Perlahan, mereka mulai melangkah mendekat, berjalan beriringan sambil menatap tajam ke arah kami. Suara langkah mereka terasa seperti gemuruh yang semakin mendekat, menambah ketegangan di sekitarku. Jantungku berdegup kencang. Setiap detik yang berlalu membuatku semakin sadar betapa seriusnya ancaman ini.
“Formasi!” seru Kapten Lilyfa dengan tegas.
Kami segera bergerak ke posisi yang sudah ditentukan. Kapten Lilyfa berada di depan dengan Cedric tepat di belakangnya. Setengahnya berada di tengah, sementara aku bertugas menjaga sisi belakang. Aku merasakan ketegangan di seluruh tubuhku, tapi aku mencoba mengendalikan perasaan itu. Mataku fokus pada kedua jenderal yang berjalan dengan santai, seolah mereka hanya akan menghancurkan mainan anak kecil di tengah jalan.
Tiba-tiba, sebuah kilatan cahaya melesat dengan kecepatan yang hampir tak terlihat. Flash!
“Huh!” Kami semua tersentak kaget. Dalam sekejap mata, Rey menghilang, meninggalkan Ray yang masih berjalan santai sekitar 20 meter dari kami.
“Rika!” seru Cedric, suaranya mengandung perintah yang jelas. Aku segera menutup mata, dan dengan cepat mengucapkan perintah kekuatan yang sudah terlatih, “Imagination: Pathography.”
Sekali lagi, aku memasuki mode fokus tertinggi. Aku mencoba merasakan aura Rey, tapi itu tidak mudah. Auranya terasa samar, tidak seperti jenderal pada umumnya, seolah ia berusaha menyamarkan dirinya menjadi bagian dari prajurit biasa di sekitar kami. Namun, setelah beberapa detik yang penuh ketegangan, aku akhirnya menemukannya.
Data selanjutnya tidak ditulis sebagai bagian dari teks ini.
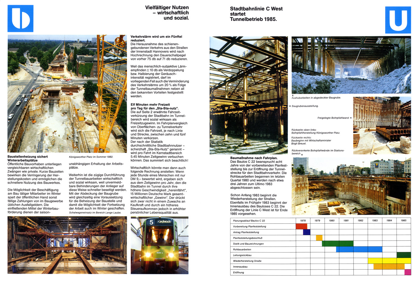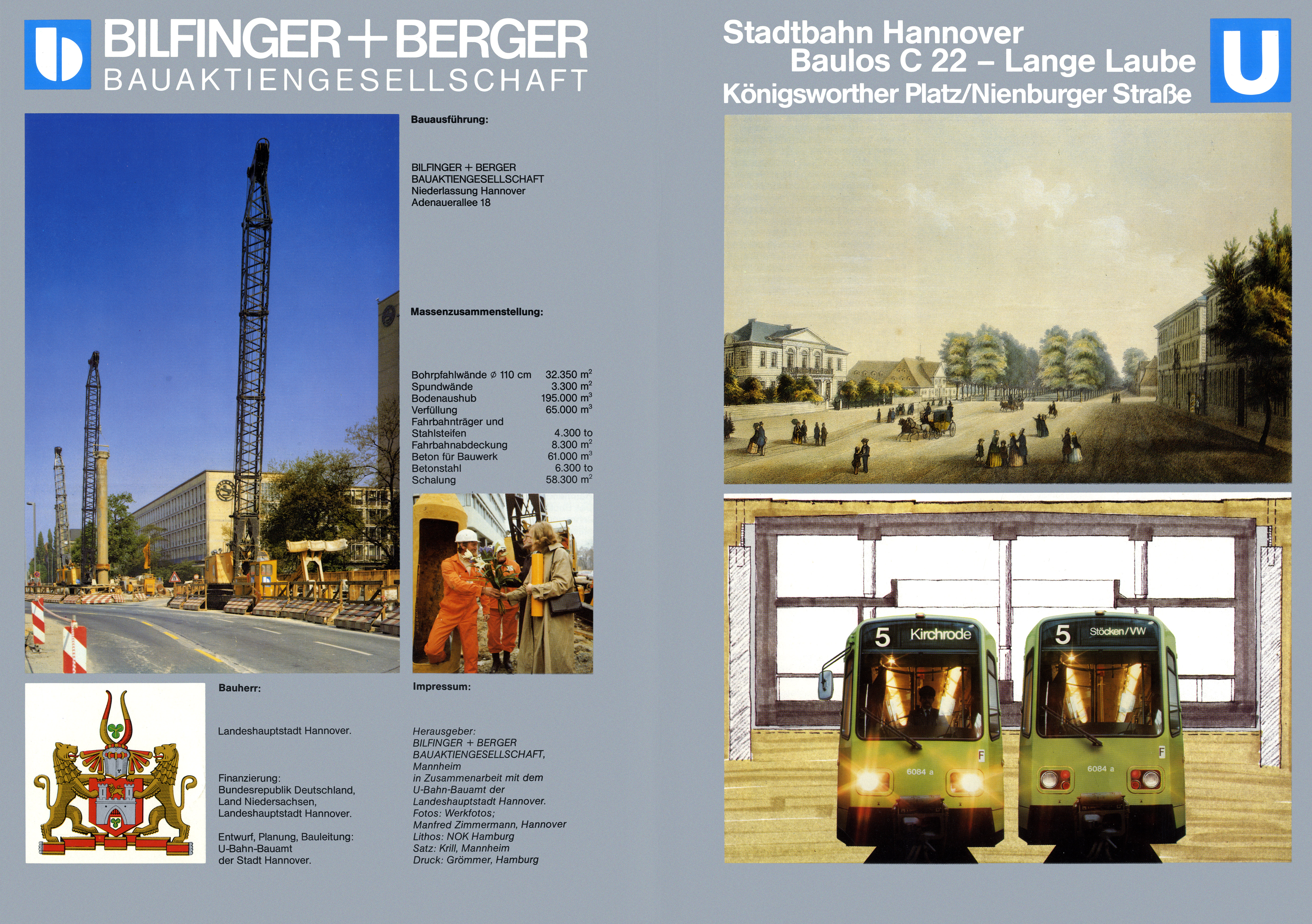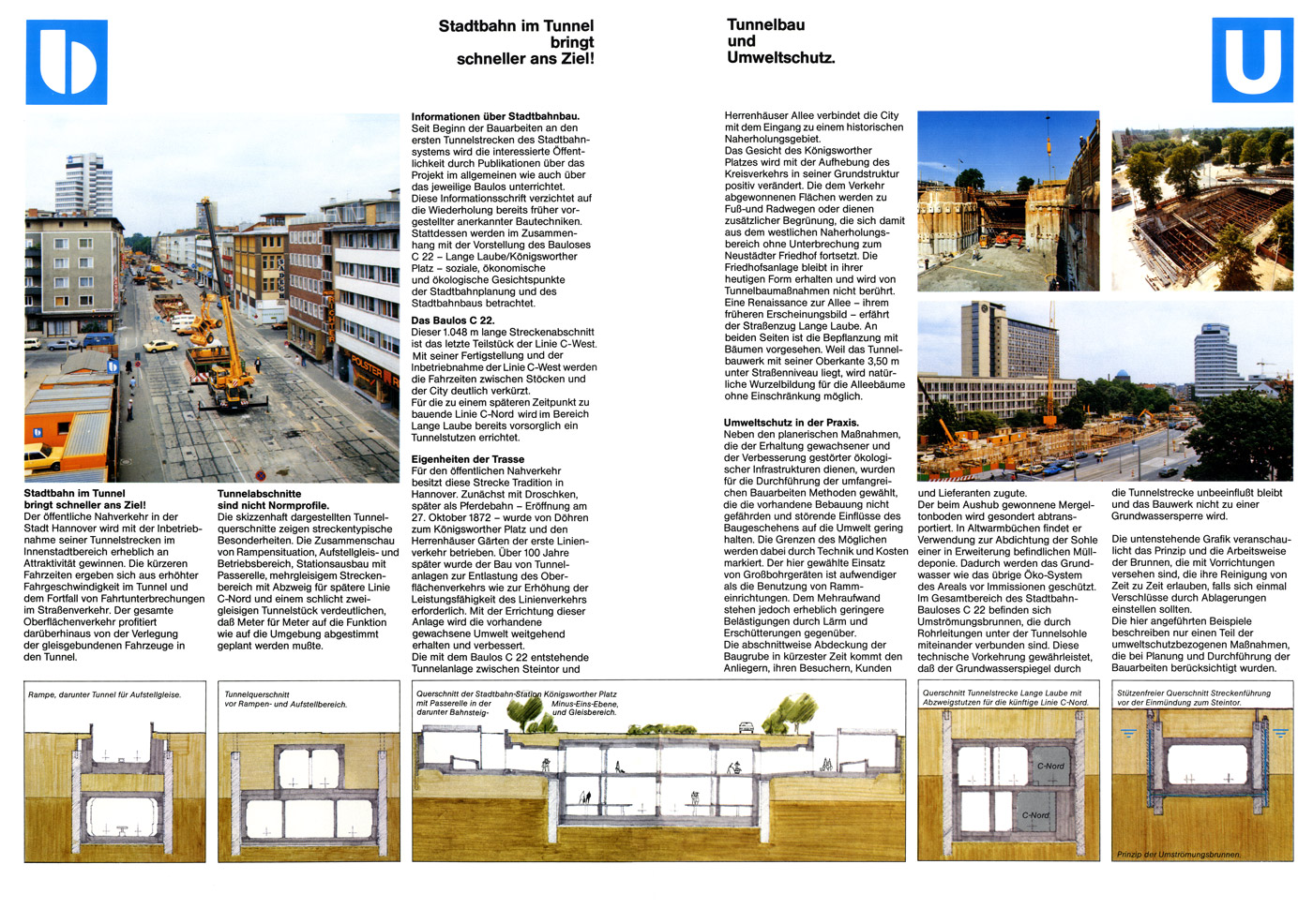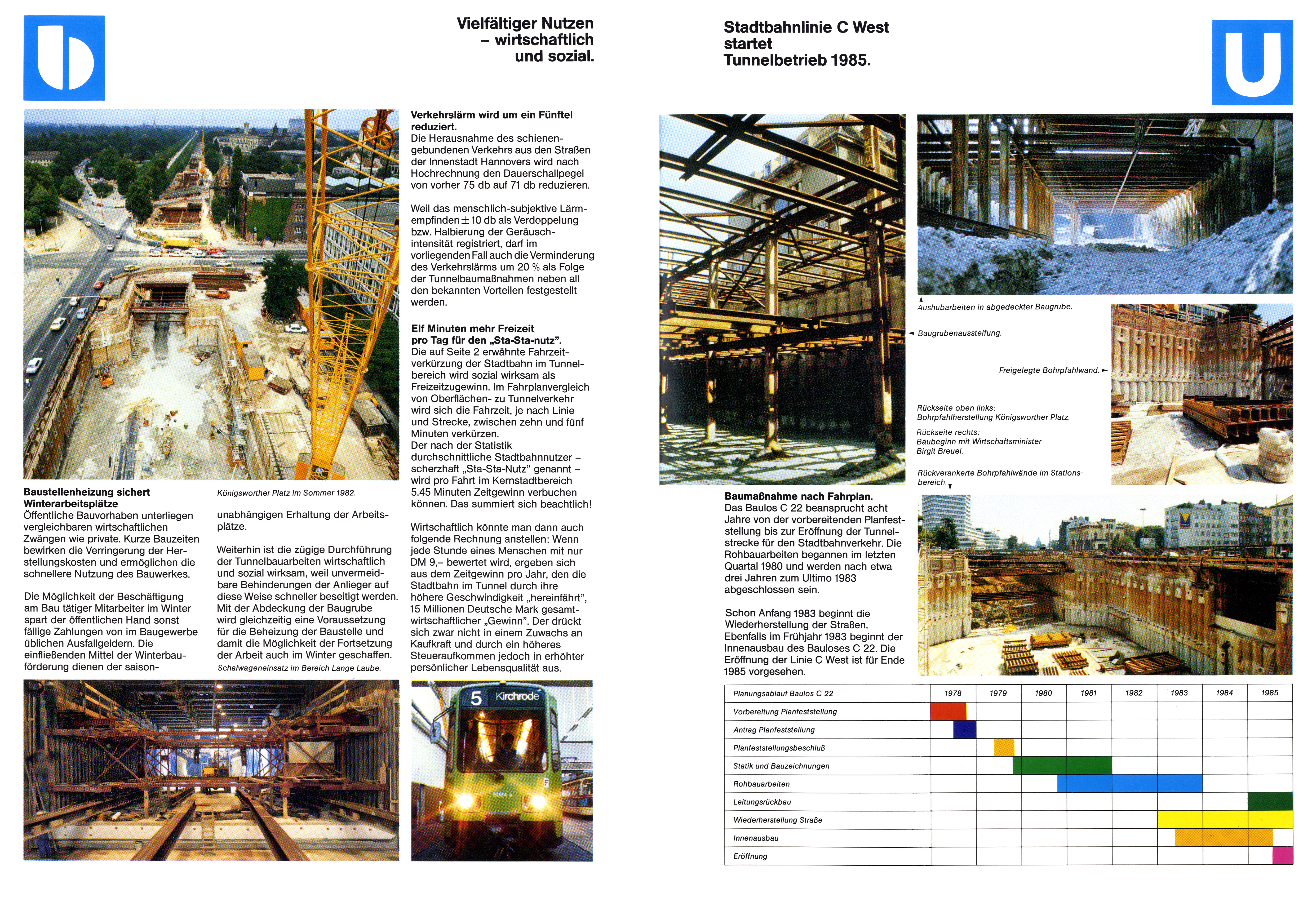 In dieser Infobroschüre aus dem Jahr 1983 wird das Baulos C 22 entlang der Langen Laube mit der Station Königsworther Platz detailliert vorgestellt, inklusive Bauzeitenplan und Einblicken in die Baustelle.

“Di kiri, di atas gedung!” teriakku memperingatkan, membuat yang lain segera menoleh ke arah yang kutunjukkan.
Namun, di saat yang bersamaan, kapten Lilyfa berteriak, “Hey, perhatikan di depan kalian!”
Ray menembakkan senjata railgun-nya yang berbahaya, sementara Rey melompat dengan tombaknya, mengarah langsung ke barisan kami. Cedric, yang berada di belakang Kapten, segera bertindak.
“Barrier: Multi-Layered Barrier Bubble!” teriak Cedric, membentuk lapisan perisai pelindung di sekeliling kami.
Ziiiiiiiiiiiing! Suara railgun Rey menggema, dengan cepat mengikis setiap lapisan barrier yang dibuat Cedric. Aku bisa melihat lapisan demi lapisan mulai retak, dan aku tahu, jika ini terus dibiarkan, tembakan itu akan menembus dan membunuh kami.
Buuum! Ray dengan kekuatannya yang dahsyat, menghantam barrier dengan tombaknya, membuat lapisan terakhir dari barrier itu hancur berkeping-keping. Detik berikutnya, serangan dari railgun Rey hampir mencapai kami.
Namun, tepat pada saat kritis itu, seseorang berteriak dengan suara lantang, “Barrier: Absolute Barrier!”
BUMMM! Cahaya biru terang tiba-tiba memenuhi pandanganku, hampir menyilaukan mataku. Suara tembakan railgun melengking, memekakkan telinga, dan tombak panjang Ray masih mencoba menembus perisai yang baru muncul ini, tapi semuanya sia-sia.
“Bagaimana caranya, Cedric?” tanyaku dengan nada terpesona, melihat cahaya biru yang indah itu. Rambut Cedric berkibar-kibar oleh angin yang tercipta dari kekuatan barrier, menambah ketampanannya yang semakin tampak di bawah sinar biru itu.
“Aku tidak tahu, Rika. Tubuhku bergerak sendiri membuat perisai ini,” jawabnya dengan nada bingung, sama seperti saat kejadian di stadion.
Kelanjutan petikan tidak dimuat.